→ **TASK REQUIREMENTS**
Leave the pictures out. Retype exactly the lines below from the one containing "पुलिस आयुक्त सोनीपत" through the one containing "この折り畳みラックは、ナチュ", and no others.

→ **TASK MATERIAL**
+---+

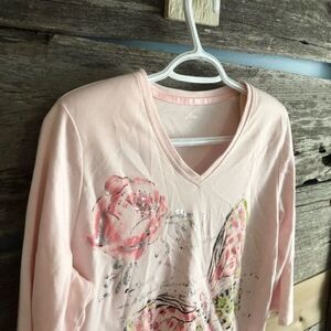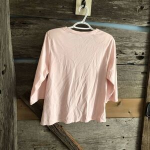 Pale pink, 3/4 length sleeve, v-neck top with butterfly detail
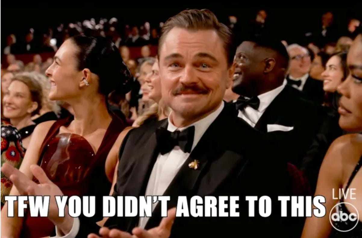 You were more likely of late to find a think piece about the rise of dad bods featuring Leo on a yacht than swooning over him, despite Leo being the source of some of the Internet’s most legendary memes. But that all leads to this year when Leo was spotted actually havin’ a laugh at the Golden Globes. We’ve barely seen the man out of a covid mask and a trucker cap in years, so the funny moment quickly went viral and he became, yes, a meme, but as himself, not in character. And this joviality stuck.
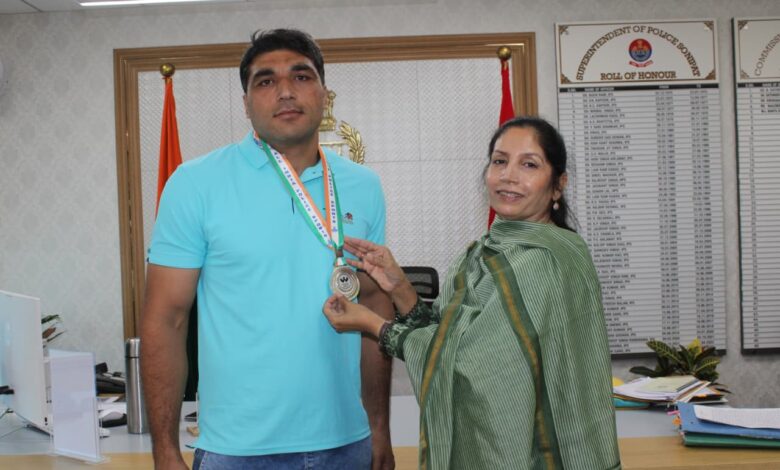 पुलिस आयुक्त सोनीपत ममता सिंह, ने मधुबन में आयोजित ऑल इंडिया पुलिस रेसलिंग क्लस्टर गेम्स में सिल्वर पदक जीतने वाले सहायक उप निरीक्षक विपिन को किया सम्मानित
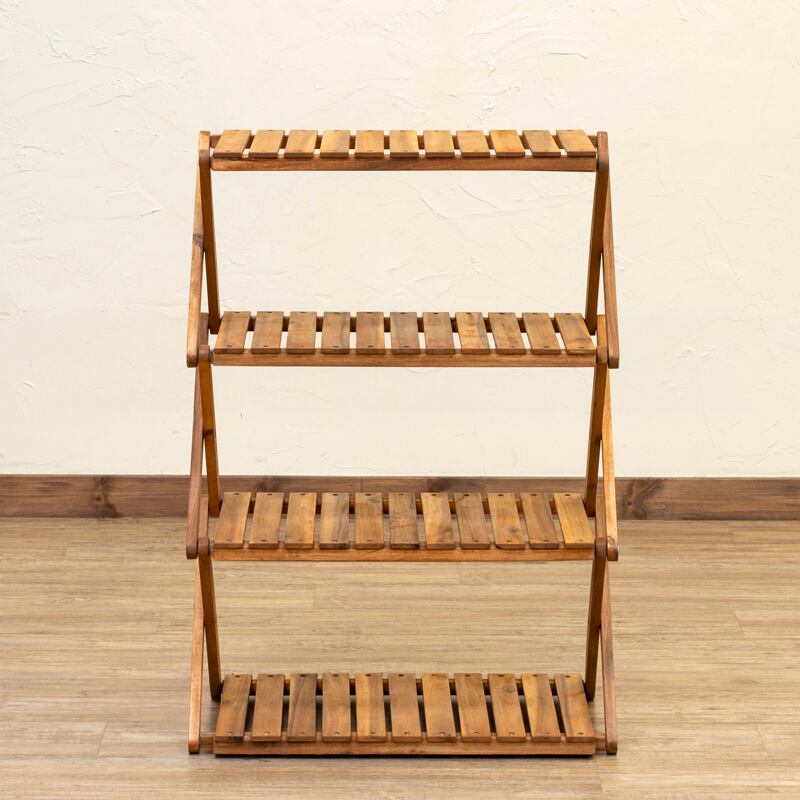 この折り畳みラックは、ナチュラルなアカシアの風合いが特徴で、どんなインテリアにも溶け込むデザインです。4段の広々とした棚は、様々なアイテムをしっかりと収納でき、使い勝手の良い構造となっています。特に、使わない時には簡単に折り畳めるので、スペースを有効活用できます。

+---+

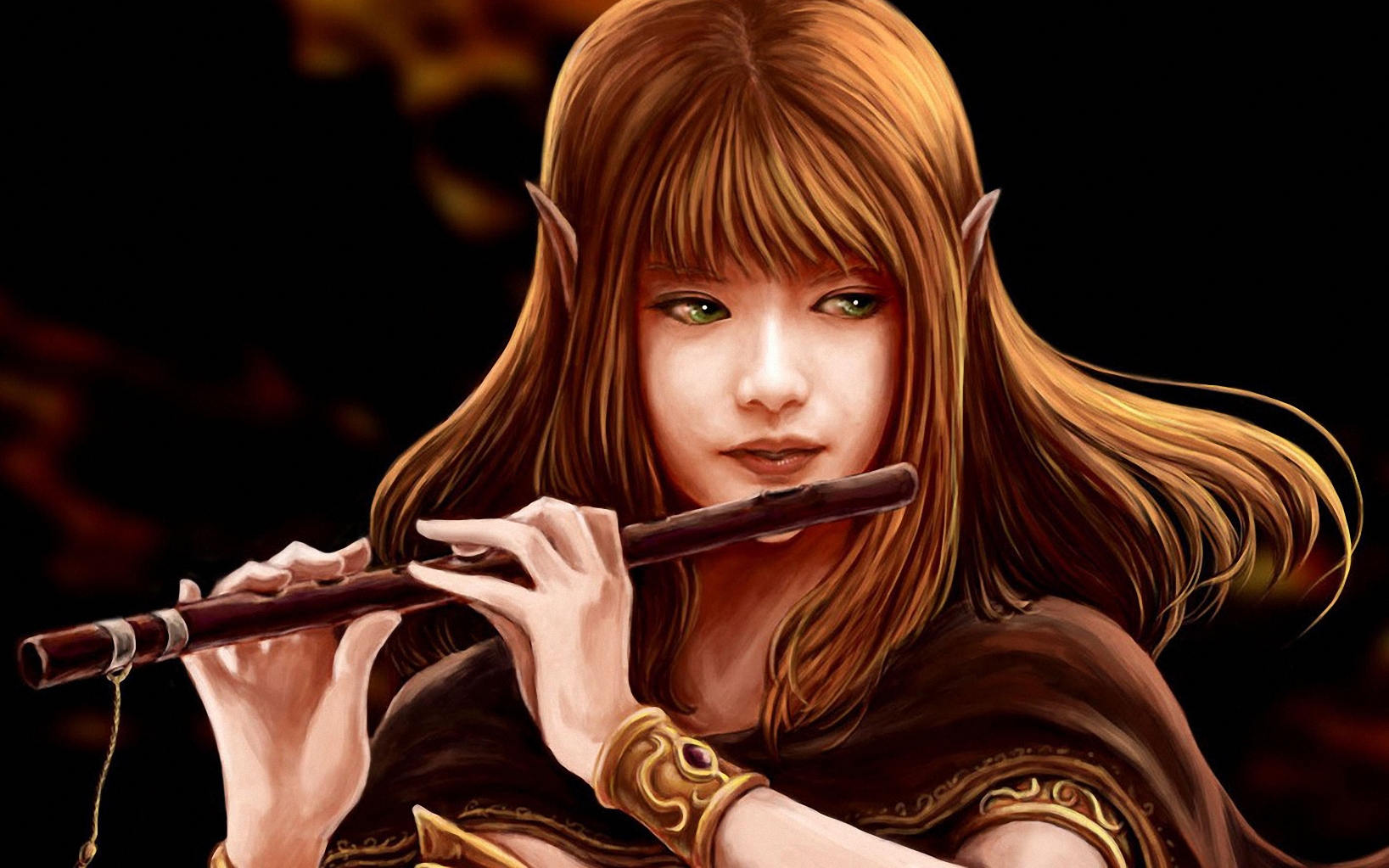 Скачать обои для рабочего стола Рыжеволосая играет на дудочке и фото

+---+

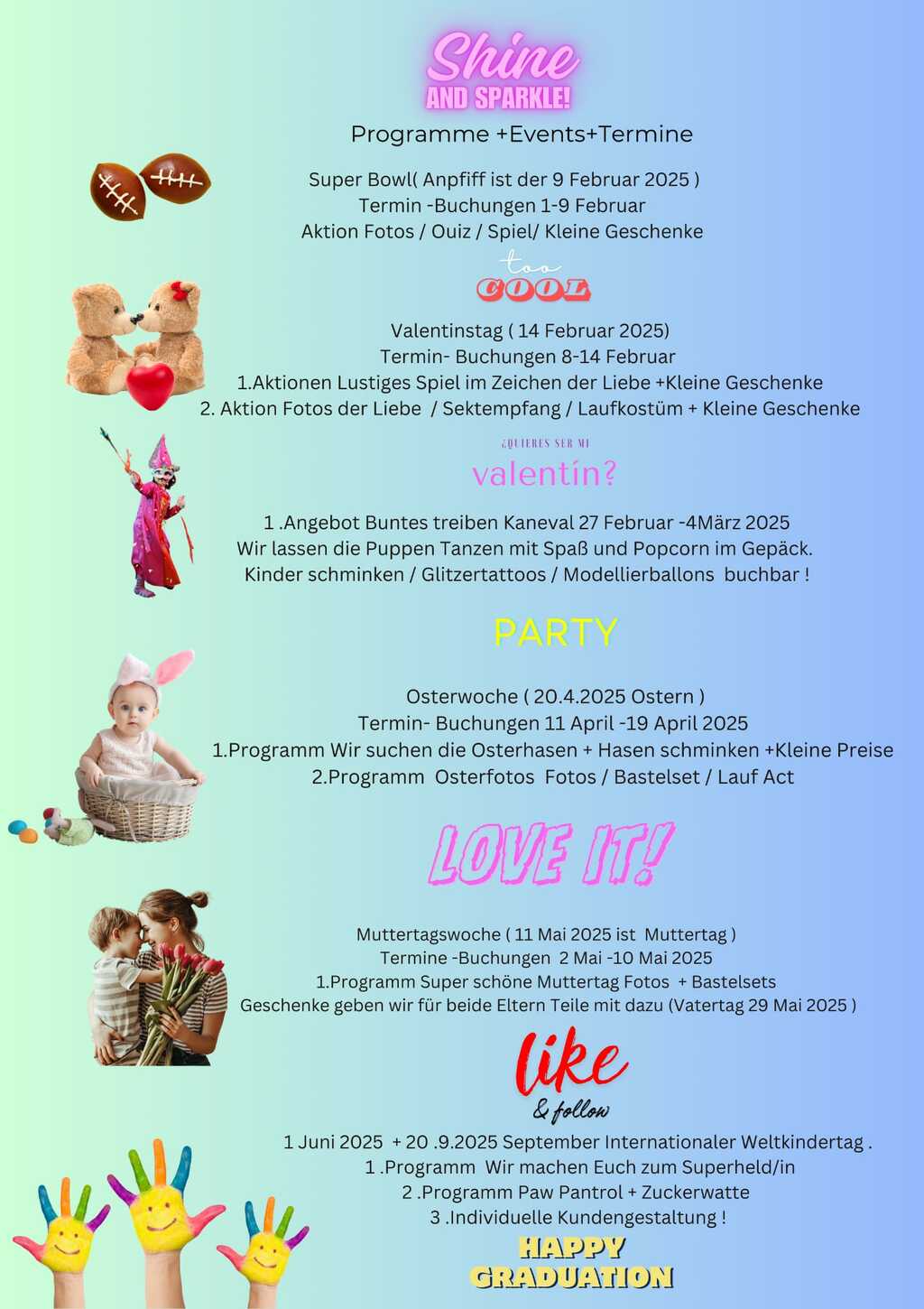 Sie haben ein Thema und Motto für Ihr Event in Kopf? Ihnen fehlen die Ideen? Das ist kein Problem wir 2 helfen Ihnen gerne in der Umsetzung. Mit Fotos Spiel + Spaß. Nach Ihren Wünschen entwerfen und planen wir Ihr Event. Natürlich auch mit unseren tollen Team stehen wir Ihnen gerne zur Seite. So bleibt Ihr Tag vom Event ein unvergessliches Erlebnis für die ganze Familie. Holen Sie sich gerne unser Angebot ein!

+---+

→ **REPLY TO THE EXERCISE**
 पुलिस आयुक्त सोनीपत ममता सिंह, ने मधुबन में आयोजित ऑल इंडिया पुलिस रेसलिंग क्लस्टर गेम्स में सिल्वर पदक जीतने वाले सहायक उप निरीक्षक विपिन को किया सम्मानित
 この折り畳みラックは、ナチュラルなアカシアの風合いが特徴で、どんなインテリアにも溶け込むデザインです。4段の広々とした棚は、様々なアイテムをしっかりと収納でき、使い勝手の良い構造となっています。特に、使わない時には簡単に折り畳めるので、スペースを有効活用できます。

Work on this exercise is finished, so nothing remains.